Loren on the Art of MATLAB

Turn ideas into MATLAB

Note

Loren on the Art of MATLAB has been archived and will not be updated.

Taking the Pulse of MOOCs

Coursera is a technology platform that kickstarted the current MOOCs boom. Even though there are more MOOCs players now, it still remains one of the leading companies in this space. But how are they doing these days for delivering higher education to the masses online?

Today's guest blogger, Toshi Takeuchi, would like to share an analysis using Courera's data.

I am a big fan of MOOCs and I benefited a lot from free online courses on Coursera, such as Stanford's Machine Learning course. Like many websites these days, Coursera offers its data through REST APIs. Coursera offers a number of APIs, but Catalog APIs are available without OAuth authentication. We can find out the details of courses offered by Coursera with these APIs.

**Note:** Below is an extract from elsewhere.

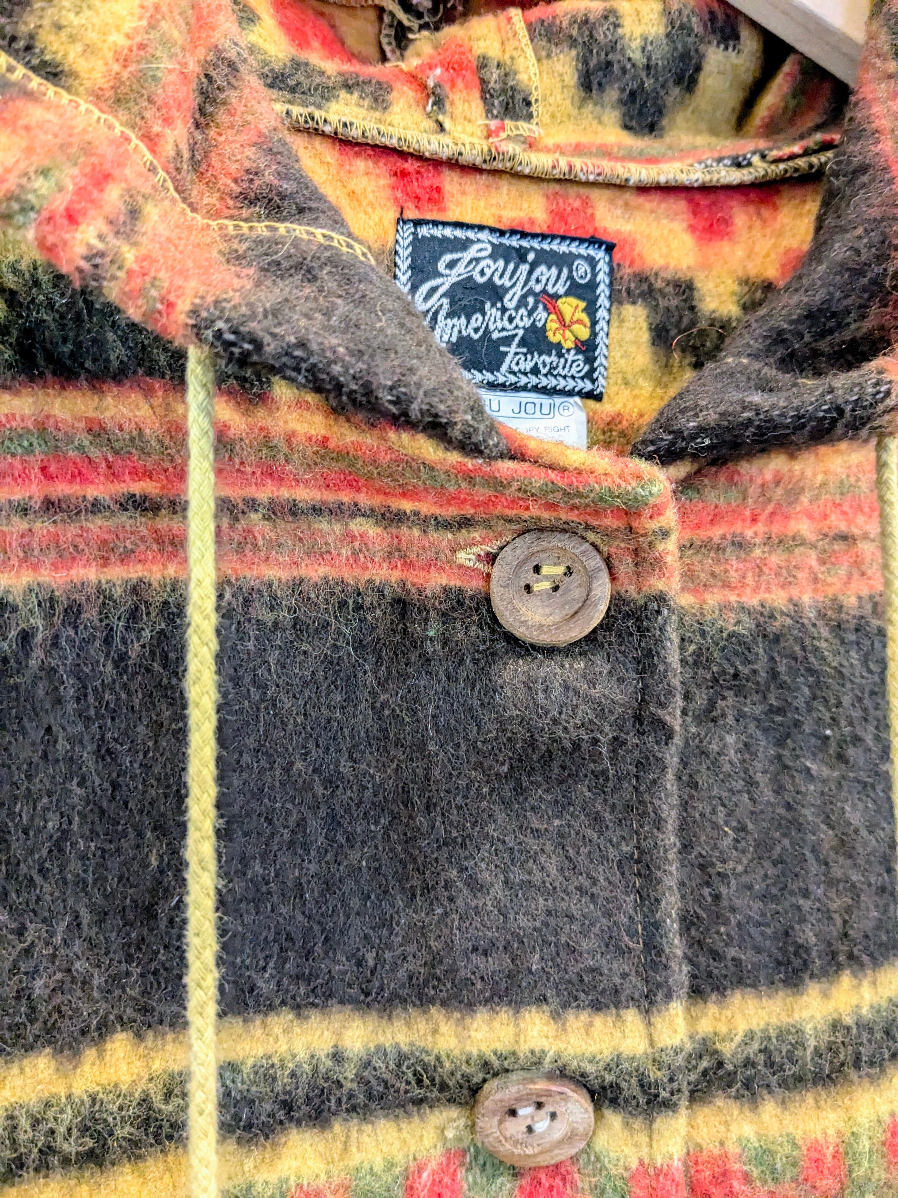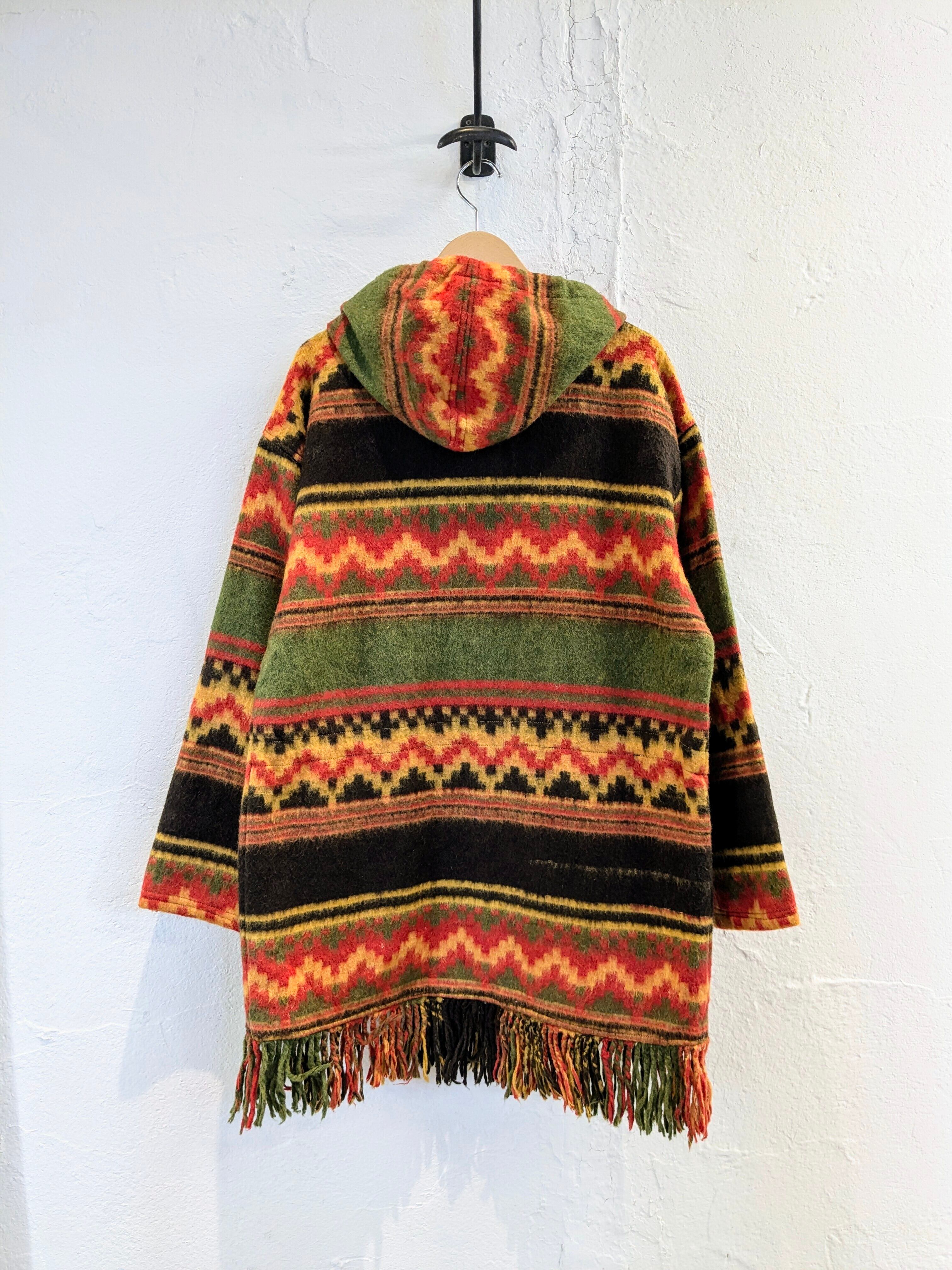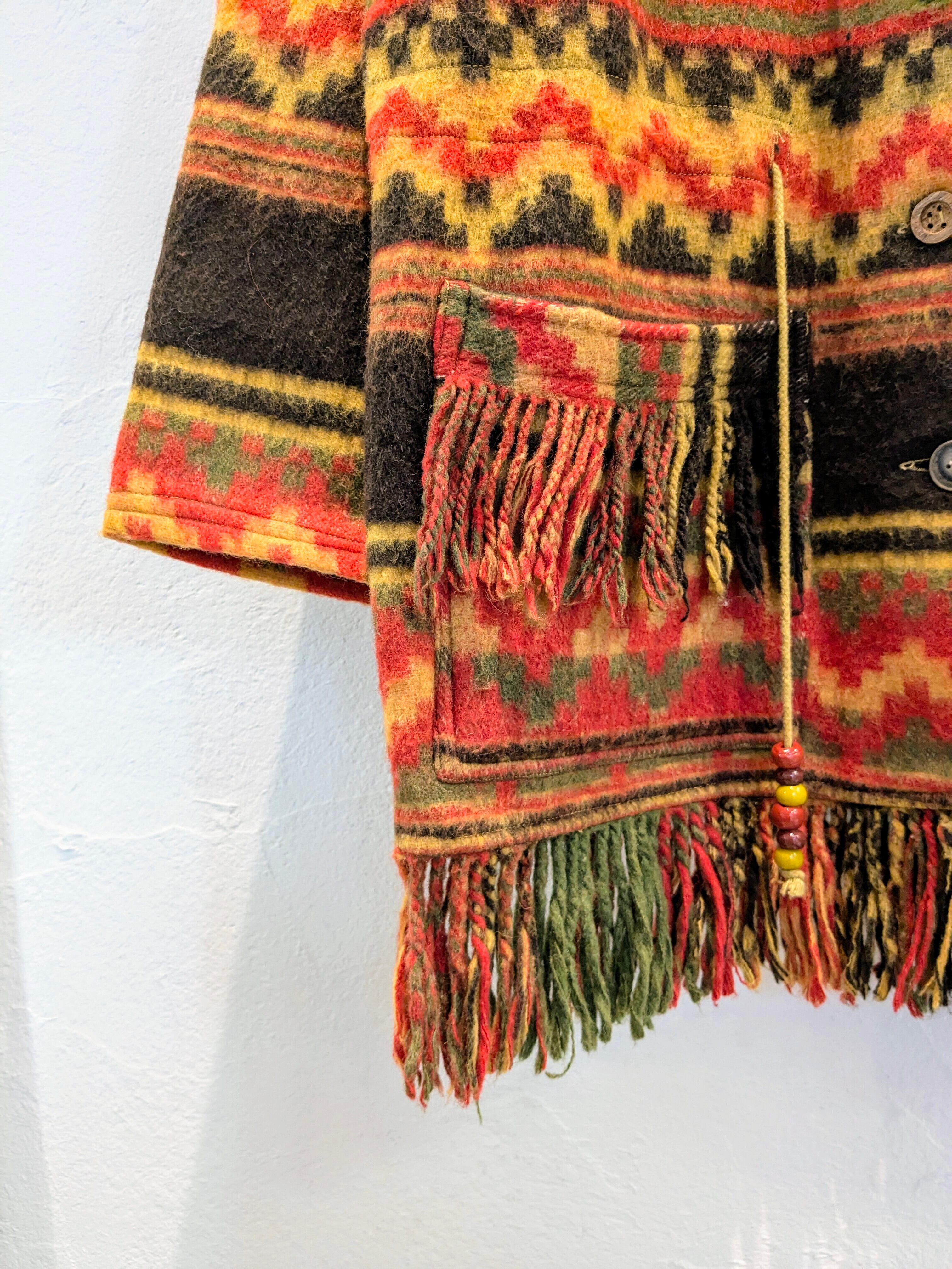 とてもデザイン性が高く、お洒落なコートになっています。各ドローコードには、ビーズのようなモノが通っており、ボタンはウッドボタン、裾、ポケットにはフリンジが付いたデザインとなります。色合いも鮮やかでとても存在感ある一着となります。

We can try to answer questions like "how do STEM and non-STEM courses break down among universities?"

Contents

JSON support in R2014b

JSON is a very common data format for REST APIs, and Coursera's APIs also returns results in JSON format. MATLAB now supports JSON out of the box in R2014b. You could always use JSON from within MATLAB by taking advantage of user contributed MATLAB programs on File Exchange, but built-in JSON support makes it easy for us to share scripts that use JSON, because we don't have to worry about dependencies.

Let's try the new feature using Coursera APIs. Calling a REST API is very simple with webread.

restApi='https://api.coursera.org/api/catalog.v1/courses';
params = 'sessions,universities,categories';
resp=webread(restApi,'includes',params,weboptions('Timeout',60));

webread returns the JSON response as a structure array. The data is further processed in a separate script processData.m - check out the details if interested.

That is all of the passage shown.